■ WHAT IS BEING ASKED
Look below for the line with "1食184kcal以下のフレ"; begin the copy there and stop after the line with "Mi trabajo toma", keeping the text exact and the pictures out.

■ SOURCE DATA
>>>>>

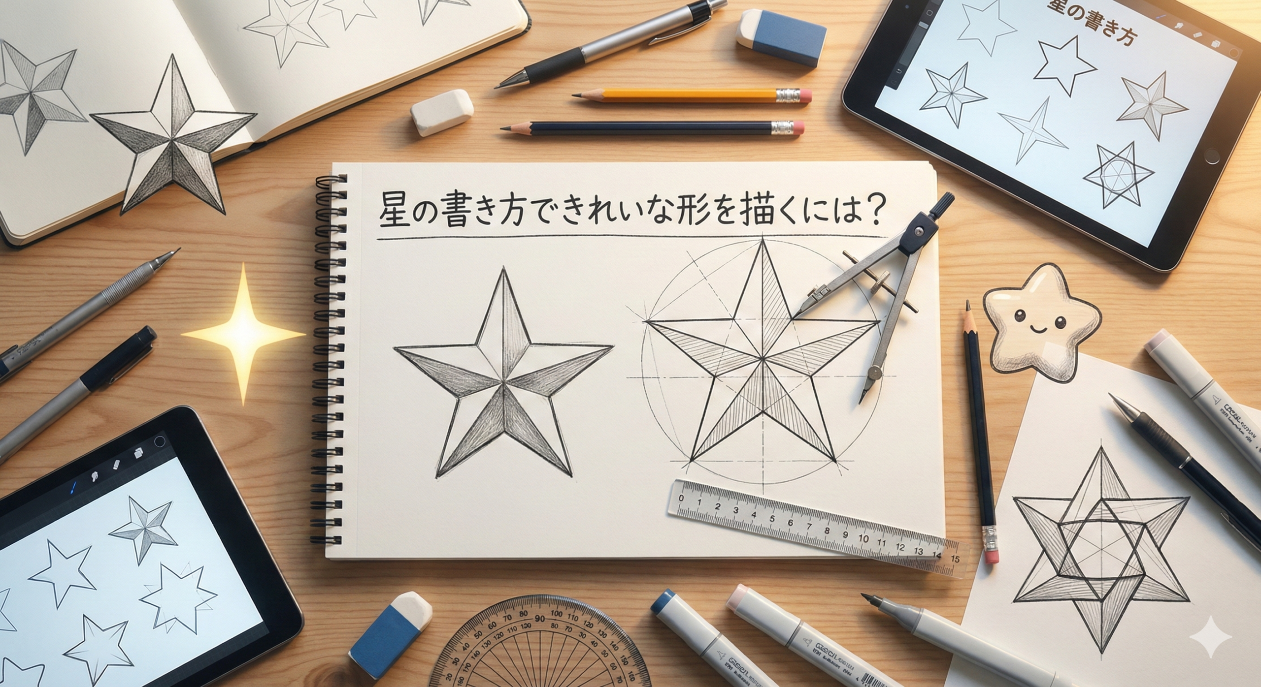 この記事では、誰もが知りたい「きれいな星の書き方」について、定規を使った製図的なアプローチから、フリーハンドでさらっと描くための裏技、さらにはイラストやロゴデザインで使える高度なアレンジテクニックまで、あらゆる角度から幅広く調査し、徹底的に解説します。絵心がないと諦めていた方でも、論理的な手順とちょっとしたコツさえ掴めば、驚くほど美しい星が描けるようになります。ぜひこの記事を参考に、理想的な星を描くスキルを身につけてください。
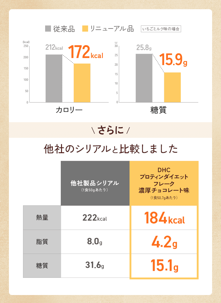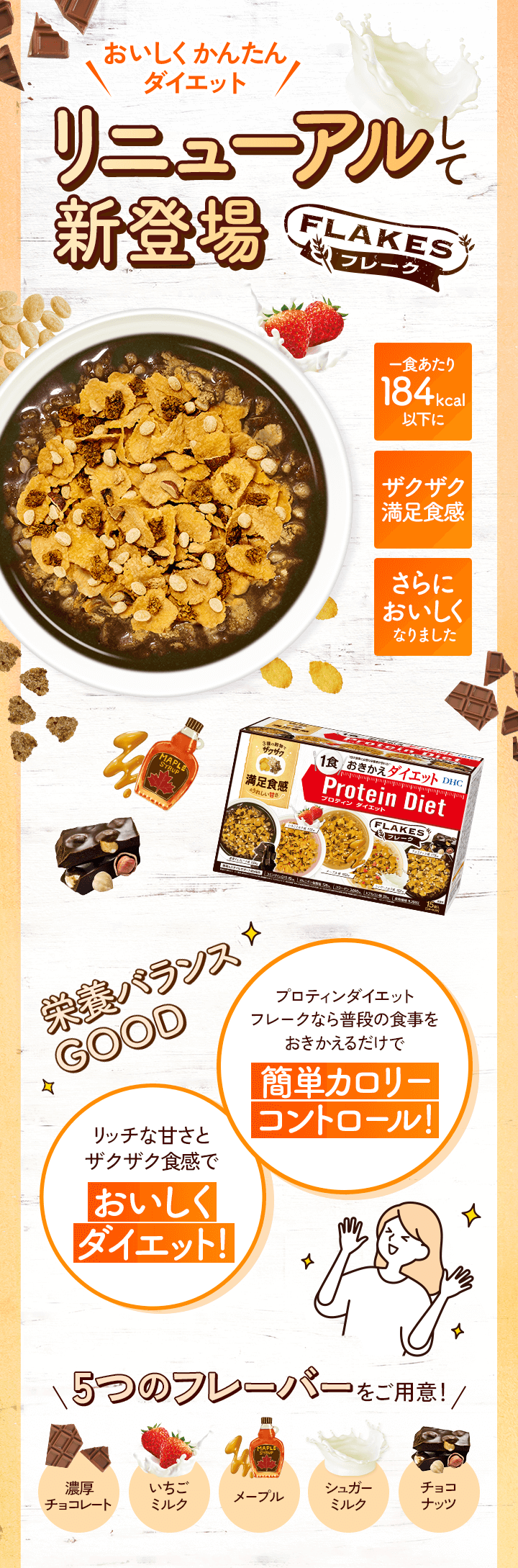 1食184kcal以下のフレークタイプおきかえ食。ザクザク食感でダイエット中でもしっかり満足!
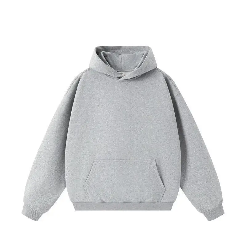 レトロな450gヘビーウェイトループショルダーフード付きスウェットシャツ、メンズプリント柄、紐なしルーズフィットフーディージャケット - TopDealBox
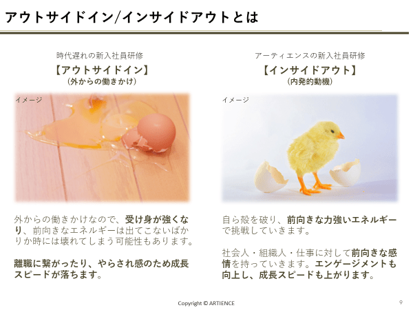 アーティエンスの新入社員研修は、自分の内側から意欲が湧き出す'インサイドアウト'の設計を重視しています。
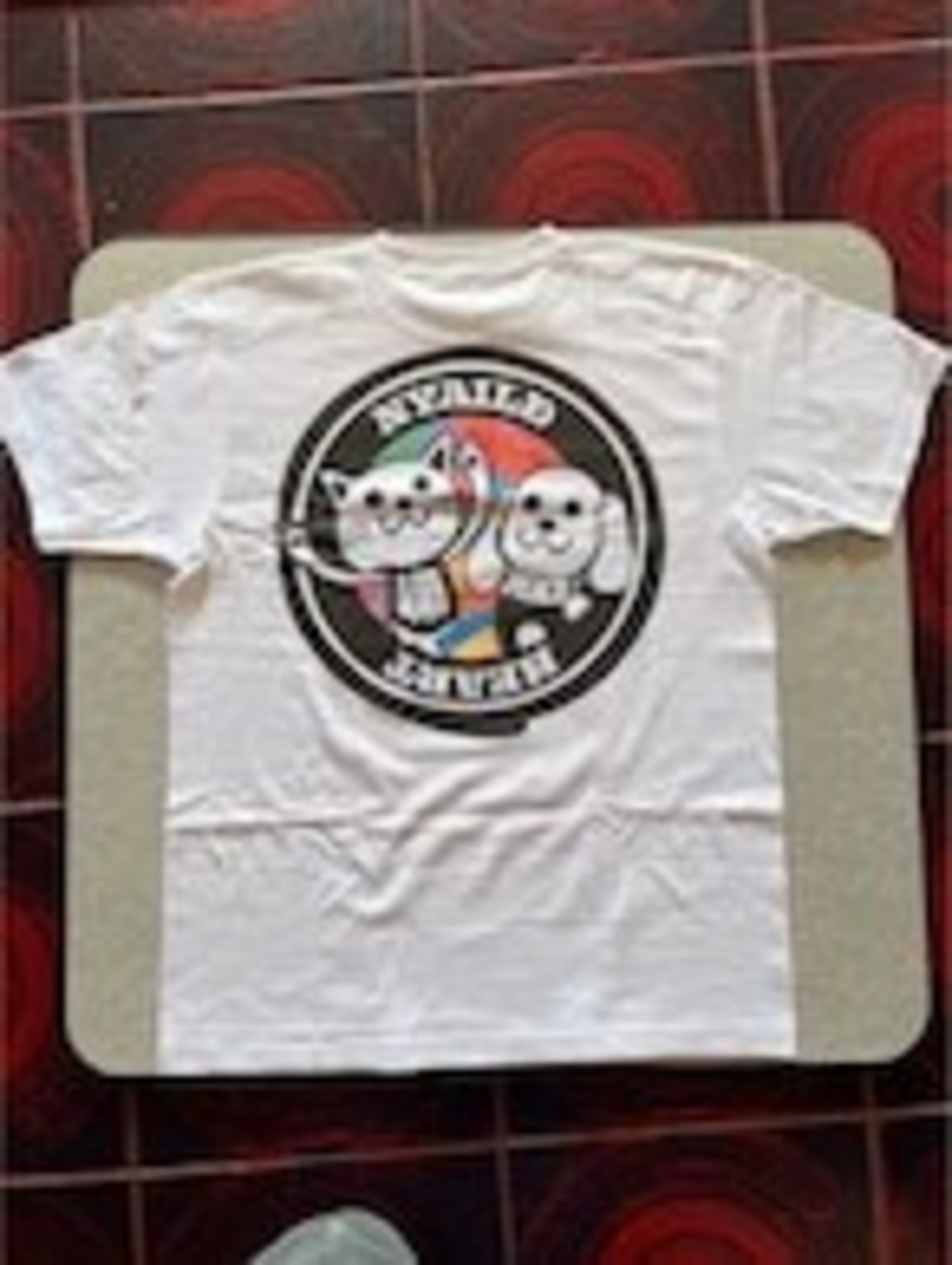 ②Tシャツ(表面:オリジナルデザイン、背面:にゃいるどはーとロゴ)
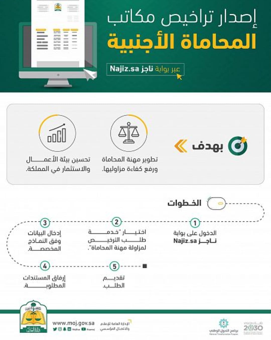 أعلنت وزارة العدل عن إتاحة خدمة تقديم طلب الحصول على ترخيص بمزاولة مهنة المحاماة لمكاتب المحاماة الأجنبية عبر بوابة الخدمات العدلية الإلكترونية “ناجز”، بهدف رفع وتطوير مهنة المحاماة، ورفع كفاءة مزاوليها، وتحسين بيئة الأعمال والاستثمار في المملكة.
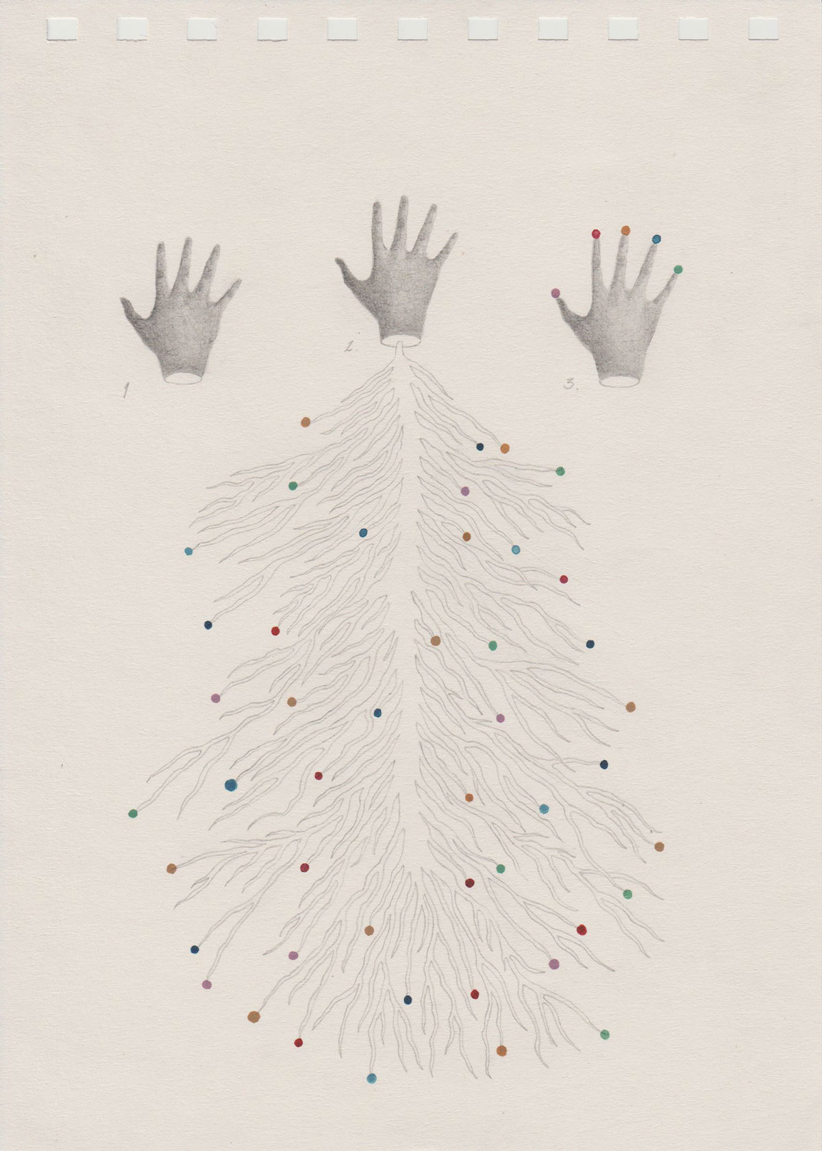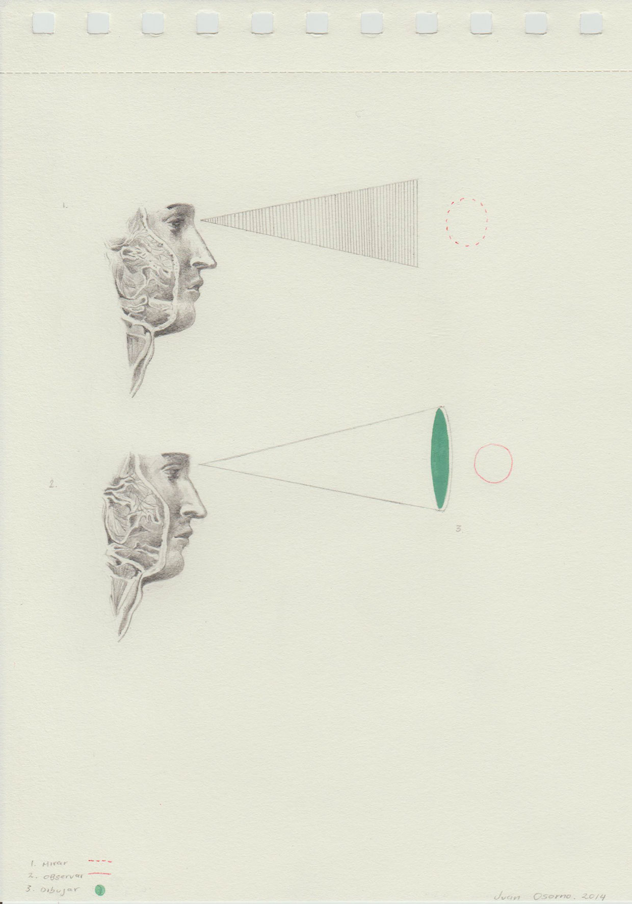 Mi trabajo toma como punto de partida la palabra “dibujo”. Me interesa pensar en cómo las diversas herramientas y situaciones que orbitan el acto de dibujar pueden generar nuevas posibilidades a la hora de entender esta práctica. Transito frecuentemente entre la gráfica, el objeto y la instalación, procesos que me permiten generar una mirada experimental entorno al oficio del dibujante. En este sentido no busco solamente dibujar cosas, sino más bien entender la experiencia de dibujarlas.
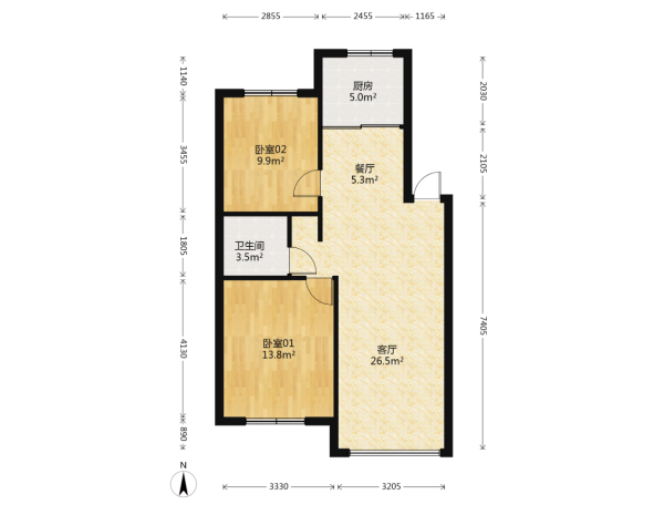 房屋戶型: 2 室2廳 1 廚1衛(wèi)

<<<<<

■ RESPONSE FOR THIS EXERCISE
 1食184kcal以下のフレークタイプおきかえ食。ザクザク食感でダイエット中でもしっかり満足!
 レトロな450gヘビーウェイトループショルダーフード付きスウェットシャツ、メンズプリント柄、紐なしルーズフィットフーディージャケット - TopDealBox
 アーティエンスの新入社員研修は、自分の内側から意欲が湧き出す'インサイドアウト'の設計を重視しています。
 ②Tシャツ(表面:オリジナルデザイン、背面:にゃいるどはーとロゴ)
 أعلنت وزارة العدل عن إتاحة خدمة تقديم طلب الحصول على ترخيص بمزاولة مهنة المحاماة لمكاتب المحاماة الأجنبية عبر بوابة الخدمات العدلية الإلكترونية “ناجز”، بهدف رفع وتطوير مهنة المحاماة، ورفع كفاءة مزاوليها، وتحسين بيئة الأعمال والاستثمار في المملكة.
 Mi trabajo toma como punto de partida la palabra “dibujo”. Me interesa pensar en cómo las diversas herramientas y situaciones que orbitan el acto de dibujar pueden generar nuevas posibilidades a la hora de entender esta práctica. Transito frecuentemente entre la gráfica, el objeto y la instalación, procesos que me permiten generar una mirada experimental entorno al oficio del dibujante. En este sentido no busco solamente dibujar cosas, sino más bien entender la experiencia de dibujarlas.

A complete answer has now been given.